The linkage of the NHANES III adult sample to the NDI linked mortality file resulted in 20 050 records. We excluded records of individuals who were aged younger than 18 years at the time of the interview (n = 432), ineligible for follow-up (n = 25), did not have information on BMI (n = 1854) or mortality status (n = 59), reported a race/ethnicity as “other” (n = 695), and did not have information on education (n = 116) and smoking status (n = 1). These exclusions yielded a final sample of 16 868, including 4401 deaths and approximately 222 933.25 person-years (mean = 13.22; SD = 4.23; median = 14.25; range = 0–18.2 years).
Statistical Analysis
Descriptive statistics for selected characteristics of the population were presented according to BMI categories and for the total population. We calculated death rates for all-cause and CVD-specific mortality by dividing the number of deaths by the total number of person-years during the follow-up period.
We used Cox proportional hazards regression to estimate hazard ratios (HRs) and 95% confidence intervals (CIs) for all-cause and CVD-specific mortality risk associated with overweight and grades I, II, and III obese relative to normal-weight adults before and after we controlled for age, gender, race/ethnicity, education, smoking, and LTPA. Marital status and income did not change our estimates and, therefore, we did not include them in the final models. Results remained nearly identical regardless of the LTPA definition used and, therefore, we used the dichotomous definition without walking a mile without stopping.
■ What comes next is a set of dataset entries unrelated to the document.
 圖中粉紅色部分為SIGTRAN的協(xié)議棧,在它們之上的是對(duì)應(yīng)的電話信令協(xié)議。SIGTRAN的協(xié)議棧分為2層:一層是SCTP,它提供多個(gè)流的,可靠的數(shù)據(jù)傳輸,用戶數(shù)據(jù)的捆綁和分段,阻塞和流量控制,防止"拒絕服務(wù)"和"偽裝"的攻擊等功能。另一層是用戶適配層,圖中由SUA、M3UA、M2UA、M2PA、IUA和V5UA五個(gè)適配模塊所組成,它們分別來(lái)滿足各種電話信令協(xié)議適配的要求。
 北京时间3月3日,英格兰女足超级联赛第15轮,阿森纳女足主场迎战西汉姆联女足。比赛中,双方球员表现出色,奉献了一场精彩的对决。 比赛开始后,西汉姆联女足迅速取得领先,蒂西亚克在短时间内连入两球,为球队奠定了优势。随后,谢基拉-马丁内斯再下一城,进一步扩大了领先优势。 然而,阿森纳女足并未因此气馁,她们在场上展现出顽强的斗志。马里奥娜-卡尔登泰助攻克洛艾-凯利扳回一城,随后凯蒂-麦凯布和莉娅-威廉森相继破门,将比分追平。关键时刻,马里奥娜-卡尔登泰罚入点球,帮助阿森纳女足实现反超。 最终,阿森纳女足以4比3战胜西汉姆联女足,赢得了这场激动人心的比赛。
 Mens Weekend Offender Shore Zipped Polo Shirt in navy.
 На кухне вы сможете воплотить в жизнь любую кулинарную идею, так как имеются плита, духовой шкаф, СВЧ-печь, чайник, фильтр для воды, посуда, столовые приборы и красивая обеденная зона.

We used Schoenfeld residuals to examine the proportional hazards assumption and did not observe violation of this assumption.29 In models for CVD-specific mortality, we treated deaths attributed to other causes as censored at the time the death occurred.
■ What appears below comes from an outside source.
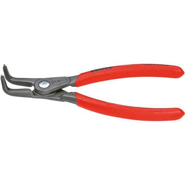 Precisionslåsringstång med böjda spetsar för ytterringar på axlar. Formlåsande isatta och pressade spetsar av högkomprimerat fjäderstål ger hög säkerhet mot överbelastning, t ex vid demontering av fastsittande ringar. Stora anliggningsytor och spetsarnas läge försvårar för ringarna att hoppa av.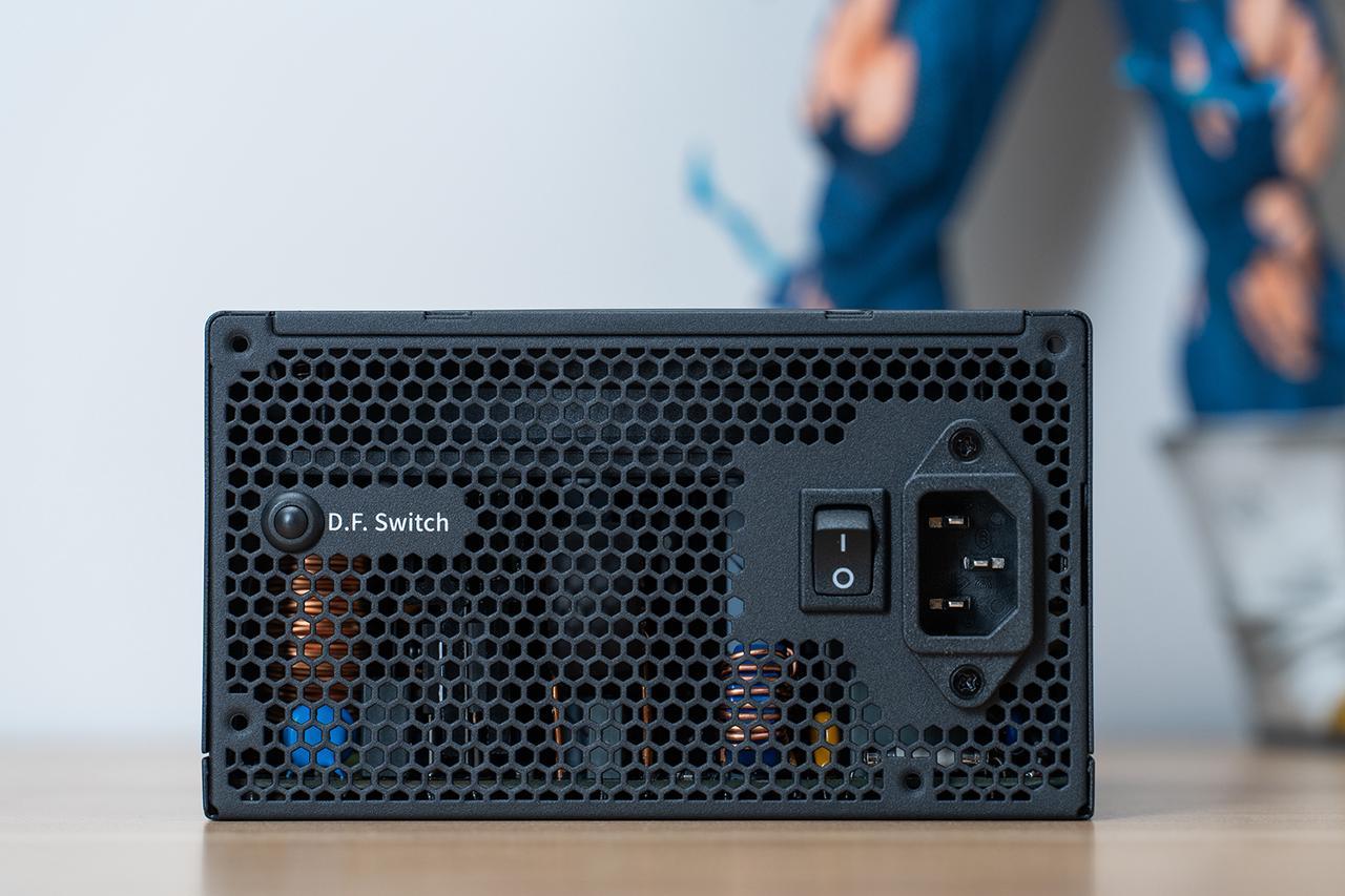 PlatimaxII 1000使用了第二代逆转弹尘技术,电源在启动时前20秒(一代为10秒)风扇会高速逆转来甩掉堆积的灰尘,减少灰尘堆积。而背后的D.F.Switch按键是可以在电源运行时,手动开启20秒逆转弹尘功能。

We used the coefficients for age and BMI categories from the Cox regression final models for all-cause and CVD-specific mortality risks to calculate the RAPs or the time the rate of death was advanced among overweight and obese adults compared with their normal-weight counterparts. We used the variance for age and BMI categories as well as their covariance estimates to calculate the 95% CIs. The RAP assumes no competing causes of death and that events increase monotonically with age (as do most chronic diseases and death).18 The RAP estimate assesses the impact of overweight and obesity on the timing of death occurrence, premature risk of death, aging effect, or age difference on mortality risk compared with normal-weight individuals.30–32 To determine whether the associations observed for BMI categories with all-cause and with CVD-specific mortality risks and RAPs differed by age groups, we tested gender and race/ethnicity interaction terms in the fully adjusted models. We tested each interaction term in a separate model to avoid issues of multicollinearity.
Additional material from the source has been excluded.